A good cop requires intuition, or so you learn when you watch cop movies. Facts get you only so far. But does intuition also include zipping yourself into a roomy valise, getting flung down several flights of stairs and channeling the inner thoughts of the deceased victim?
Maybe so: Inspector Bun (Lau) emerges from the tumble, offering, “It was the ice-cream vendor.” Of course he’s right; Mad Detective yokes forensics to the supernatural with a thrillingly silly sense of solemnity. Our hero sports crazy Einstein hair, no socks and a martyr complex
after being fired from the force, but when he’s contacted by a younger hotshot (On) to help solve an embarrassing internal-affairs case, you lean in, helplessly.

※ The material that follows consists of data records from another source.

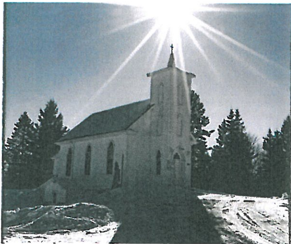
Salina Kirk Church 2259 Route 860 Salt Springs, New Brunswick
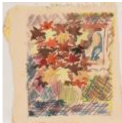
Untitled (Flowers in Pot) (2013.17.2)
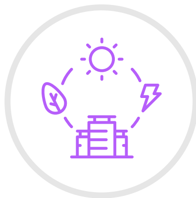
Monitor Renewable Energy Distribution
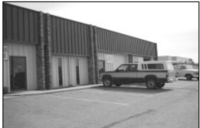
Figure 72. Metcalfe Archaeological Consultants is housed in a business complex.

Metcalfe Archaeological Consultants (MAC) occupies approximately 2,000 ft 2 within the Broadway Business Center office complex, which was built in the late 1970s (Figure 72). The building foundation is concrete, and the exterior walls are corrugated metal. The roof is constructed of built-up asphalt. The building has one to one and a half stories above grade, and none below grade.
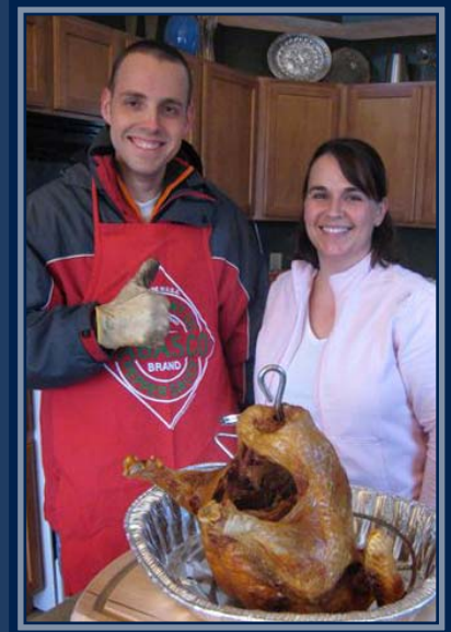
Our Thanksgiving Tradition - Frying a Turkey

The poets behind such ridiculousness are codirectors Johnnie To and Wai Ka-fai, the former a Hong Kong action god, the latter a scripter of odd, inspired ideas. (An earlier collaboration followed a male monk turned stripper.) Every moment in Mad Detective seems engineered for maximum oddity; it almost becomes overwhelming as the multiple personalities that Bun can see become visible to us as well. Yet the movie feels adventuresome, too, a new bridge to Asia’s soulful ghost canon. It’s a metaphysical mystery masquerading as a doodle.